Give the data again exactly, without images.

.....

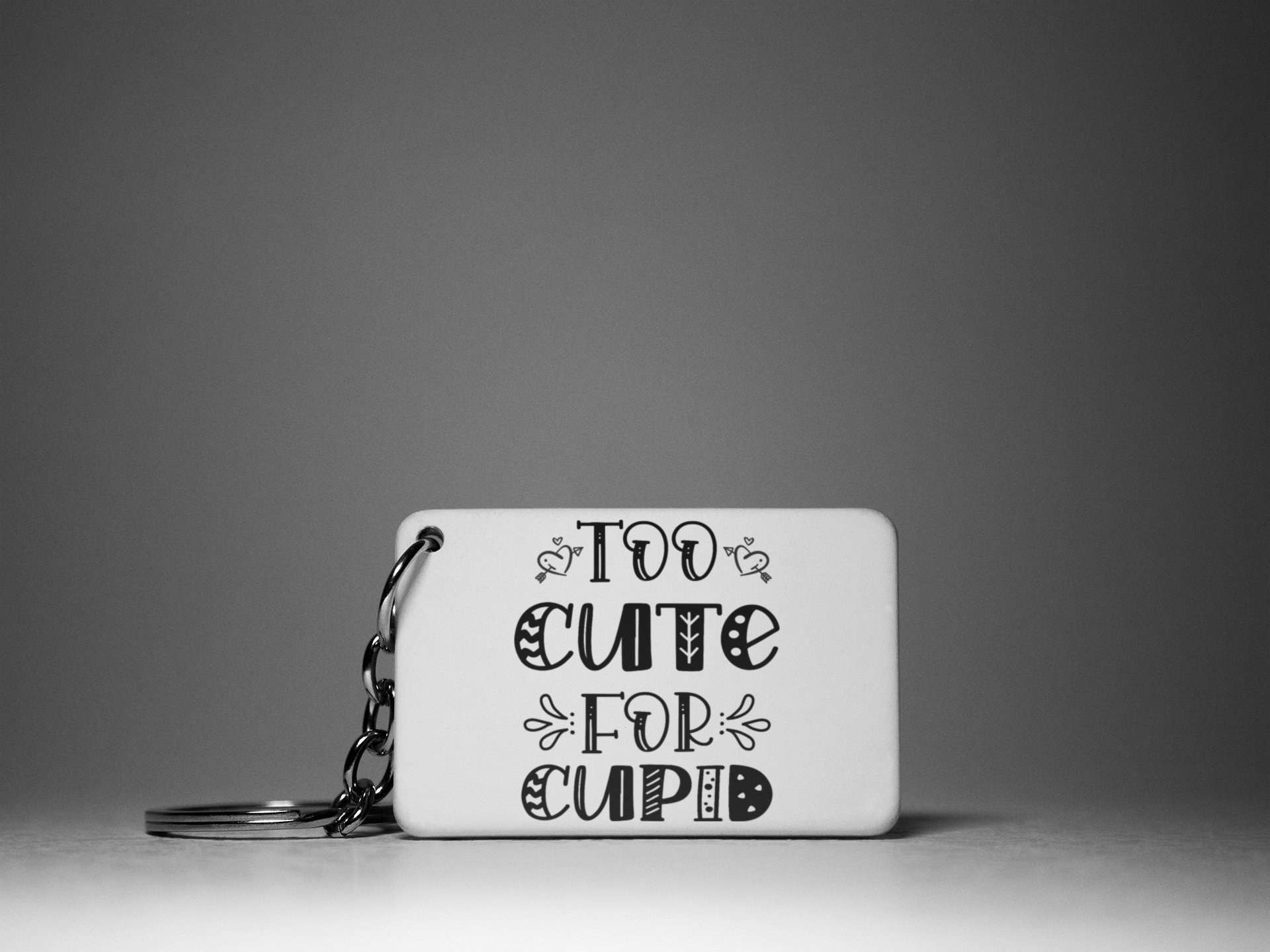 Too Cute For Cupid(Black Text ) -White -Designable Keychains(Pack Of 2)
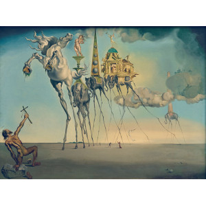 Dans cette œuvre de Dalí, une scène à la fois fascinante et inquiétante se déploie. Au centre, on trouve la figure de saint Antoine, un ermite chrétien, agenouillé dans une profonde concentration, brandissant sa croix face à une menaçante procession d'apparitions surréalistes. Chaque élément est choisi avec soin, comme un écho du combat qui ne se joue pas à l’extérieur, mais au plus profond de l’âme du saint.
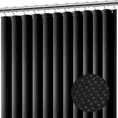 Waffle Weave Shower Curtain Dark Green Cotton Heavyweight Washable Bathroom 72Wx72L
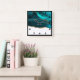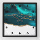 Modern Stylish Teal & Gold Agate on White Square Wall Clock
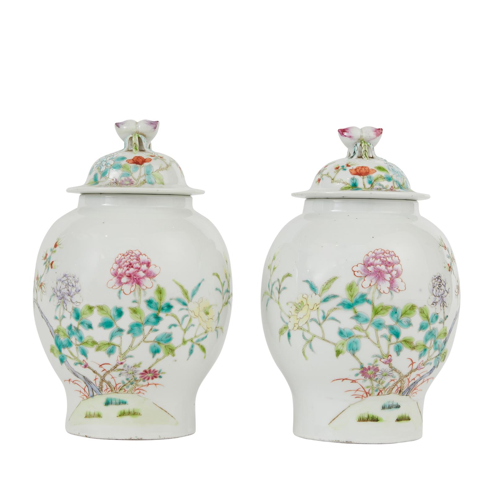 Republic Period, each decorated in the famille rose palette with flowering peony and magnolia, the domed cover with double peach finials.
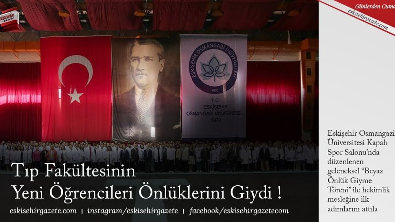 Eskişehir Osmangazi Üniversitesi Kapalı Spor Salonu'nda düzenlenen geleneksel 'Beyaz Önlük Giyme Töreni' ile hekimlik mesleğine ilk adımlarını attıla
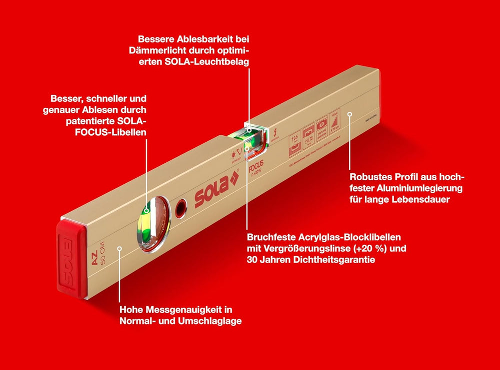 Sola SM red Wasserwaage aus Aluminium, 50 cm, mit 2 Libellen

.....

Task result:
 Too Cute For Cupid(Black Text ) -White -Designable Keychains(Pack Of 2)
 Dans cette œuvre de Dalí, une scène à la fois fascinante et inquiétante se déploie. Au centre, on trouve la figure de saint Antoine, un ermite chrétien, agenouillé dans une profonde concentration, brandissant sa croix face à une menaçante procession d'apparitions surréalistes. Chaque élément est choisi avec soin, comme un écho du combat qui ne se joue pas à l’extérieur, mais au plus profond de l’âme du saint.
 Waffle Weave Shower Curtain Dark Green Cotton Heavyweight Washable Bathroom 72Wx72L
 Modern Stylish Teal & Gold Agate on White Square Wall Clock
 Republic Period, each decorated in the famille rose palette with flowering peony and magnolia, the domed cover with double peach finials.
 Eskişehir Osmangazi Üniversitesi Kapalı Spor Salonu'nda düzenlenen geleneksel 'Beyaz Önlük Giyme Töreni' ile hekimlik mesleğine ilk adımlarını attıla
 Sola SM red Wasserwaage aus Aluminium, 50 cm, mit 2 Libellen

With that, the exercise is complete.